A model featuring Prof Holonyak's red LED digits, the system which he invented in the Sixties - Alamy
A model featuring Prof Holonyak's red LED digits, the system which he invented in the Sixties - Alamy

The ceremony went some way to make up for a 2014 snub, in which Prof Holonyak was omitted from the Nobel Prize.

Then, it was awarded to Prof Akasaki, Prof Nakamura and Hiroshi Amano, the team that invented blue LEDs, which are essential in producing white light.

Supporters of Prof Holonyak, who invented the red LED in 1962, argued that the blue LED could never have been developed without the work that he and others had done earlier.

Speaking then, Prof Holonyak admitted: “Hell, I’m an old guy now, but I find this one insulting.”

After the Queen’s Engineering Prize was announced, Prof Dupuis said: “It is really something to share in this award win among my friends and colleagues – all five of us each played an important role, and this recognition means an awful lot.

“In those early days, when it was long days and nights hand-building reactors, Nick Holonyak mentored us. He really drew us in and inspired us to be part of the adventure that is engineering.”

Spotlight on team effort

Prof Nakamura said: “Most importantly, this is a team prize. I was able to do what I did in the Eighties, because of what had come before.”

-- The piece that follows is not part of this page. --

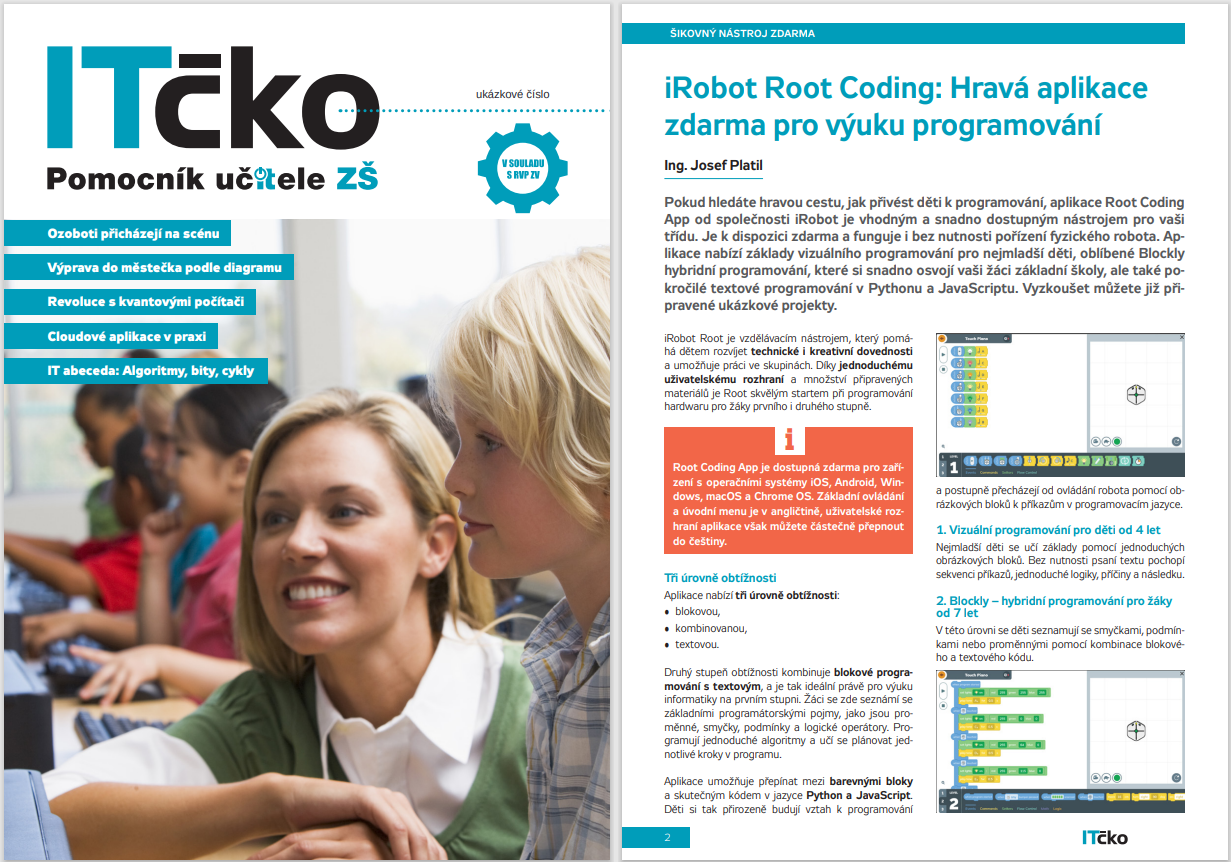 E-magazín ITčko je určen všem učitelům informatiky na základních školách a ředitelům škol, kteří chtějí mít přehled o moderních trendech ve výuce informatiky a hledají inspiraci pro své kolegy. Velmi přínosný bude zejména pro neaprobované učitele nové informatiky.

Prof Sir Christopher Snowden, the chairman of the judging panel, said: “The impact of this innovation is not to be understated. It is not only an extreme engineering achievement, but a societal one that has a significant impact on the environment.”

Prof Dupuis, 73, whose work enabled the commercial production of high-quality semiconductors, said after the award ceremony: “This is the greatest thing I think that's happened to me in my life.”

While Prof Holonyak was upset about the Nobel Prize in 2014, this time he was just excited for all the prize winners, Prof Dupuis said.

“He’s excited for the people that put this together. George [Craford] and I are his students. He’s grateful of course for being included and grateful to the Queen, but his focus has always been the young people. He’s always worried about the students and that their contributions get recognised.”